A statement on the UN agency website said she is the second woman to be appointed in the role and will succeed Lise Kingo of Denmark.
“Ms. Ojiambo, who assumes the role on 17 June 2020, will bring 20 years of experience to lead the UN Global Compact in its next phase to mobilize a global movement of sustainable companies and stakeholders and bring the full weight of the private sector to achieve the Sustainable Development Goals (SDGs),” the statement reads.
Ms. Ojiambo is currently the Head of Sustainable Business and Social Impact at Safaricom, a role she has served in since 2010.
She was also the Senior Manager of Safaricom and MPESA Foundations, Kenya from 2008 to 2010, during which she led the implementation of several public-private partnership initiatives between Safaricom and UN organizations.
Ms. Ojiambo holds a Master of Arts in Public Policy from the University of Minnesota, USA, and a Bachelor of Arts in Economics and International Development from McGill University, Canada.
Lise Kingo, who announced at the end of last year that she would be stepping down as Executive Director after five years in June, welcomed the Secretary-General’s appointment.

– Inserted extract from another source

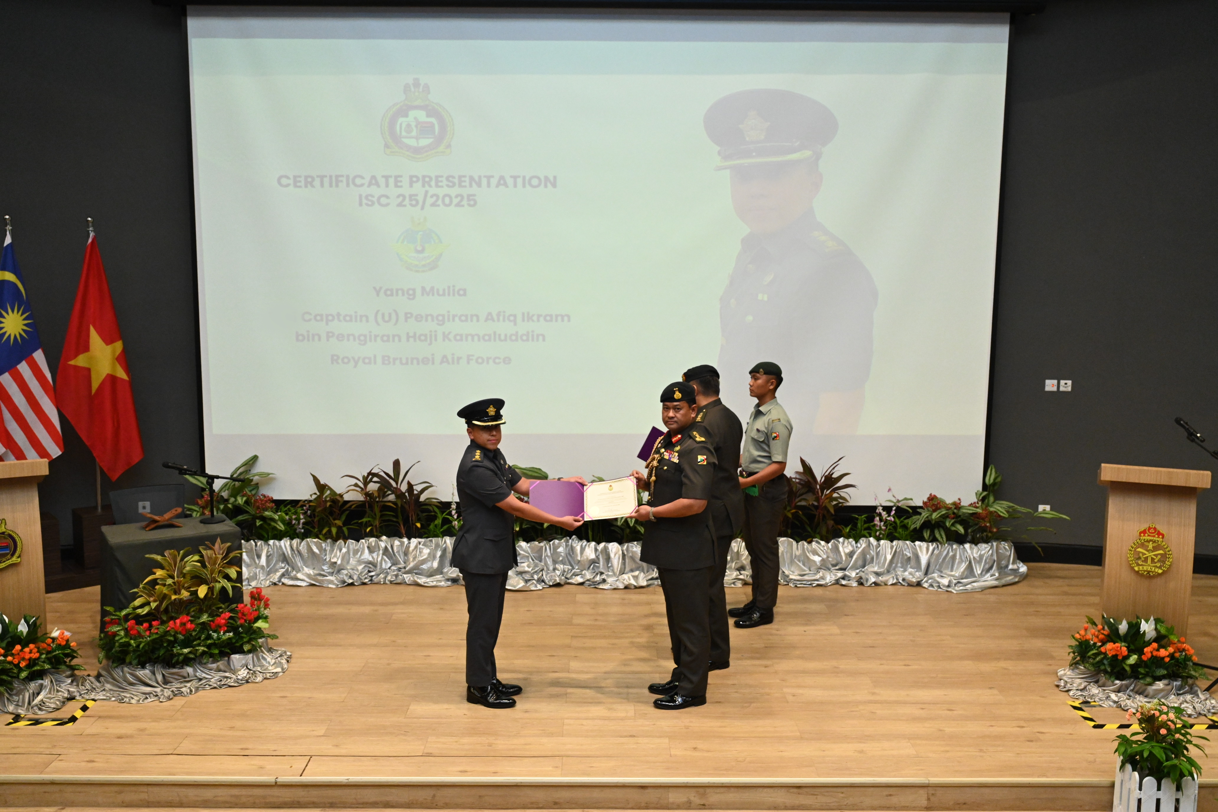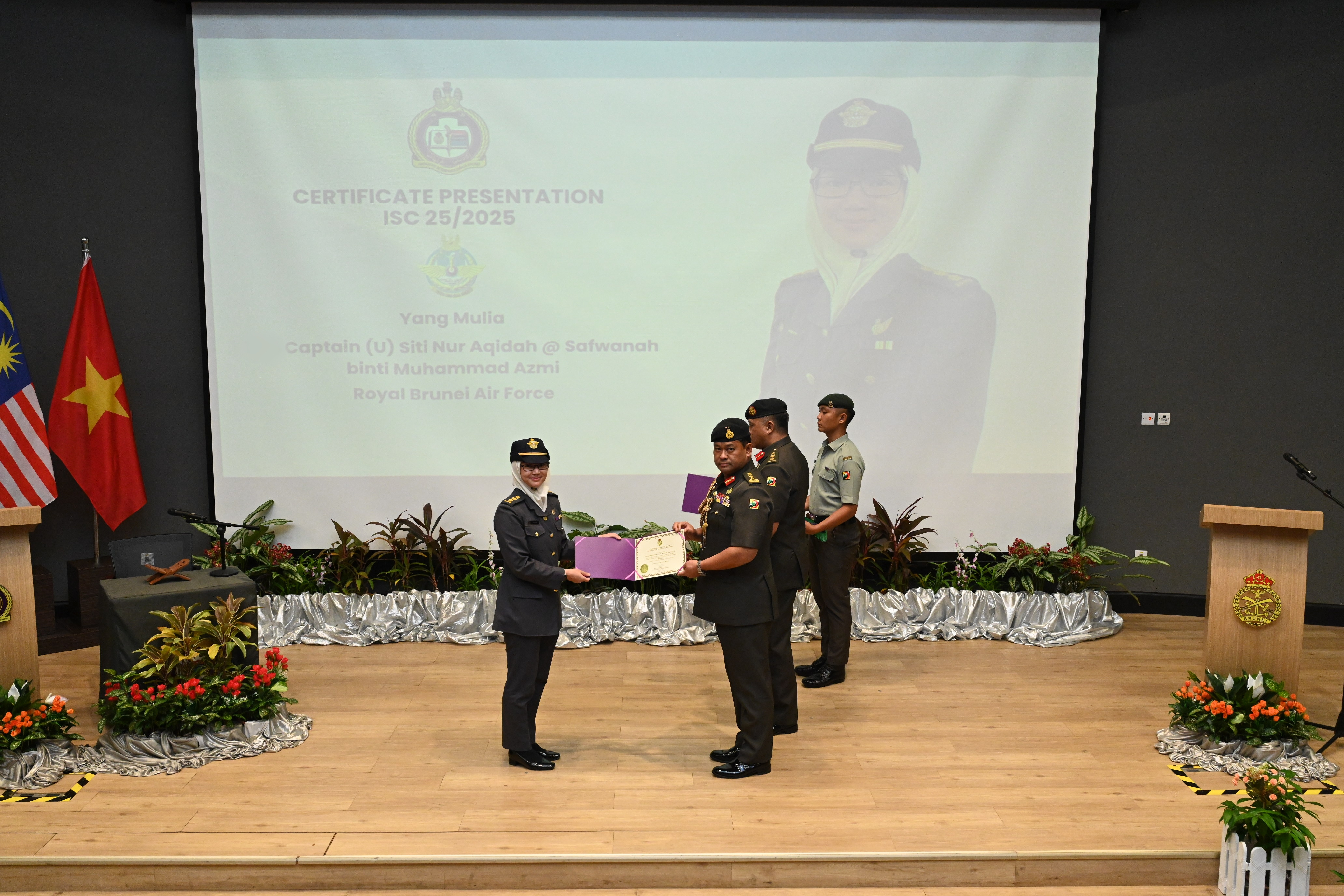 TANAH JAMBU, Thursday, 02 October 2025 – A total of 14 officers from the Royal Brunei Air Force (RBAirF) have successfully completed the Intermediate Staff Course (ISC) 25/2025 held at the Defence Academy, Royal Brunei Armed Forces (DA RBAF), Kampung Tanah Jambu. The course ran for 14 weeks and aimed to develop future leaders capable of operating in complex joint environments.

“I am happy to hand over the baton to such a strong woman leader from the Global South to take the UN Global Compact into its next chapter. I have immense confidence that Sanda’s global experience, deep integrity, and inspiring vision will advance the impact of the UN Global Compact and accelerate our efforts to mobilize a global movement of sustainable companies and stakeholders to create the world we want,” she said.
Launched in July 2000, the UN Global Compact is the Secretary-General’s strategic policy and advocacy initiative calling for the alignment of business operations and strategies with ten universal principles in the areas of human rights, labour, environment and anti-corruption, and motivates companies to integrate the Sustainable Development Goals (SDGs) into their core business strategy and operations.
With over 10,000 corporate and 3,000 non-business participants from over 160 countries engaged through 68 Local Networks, it is the largest corporate sustainability initiative in the world.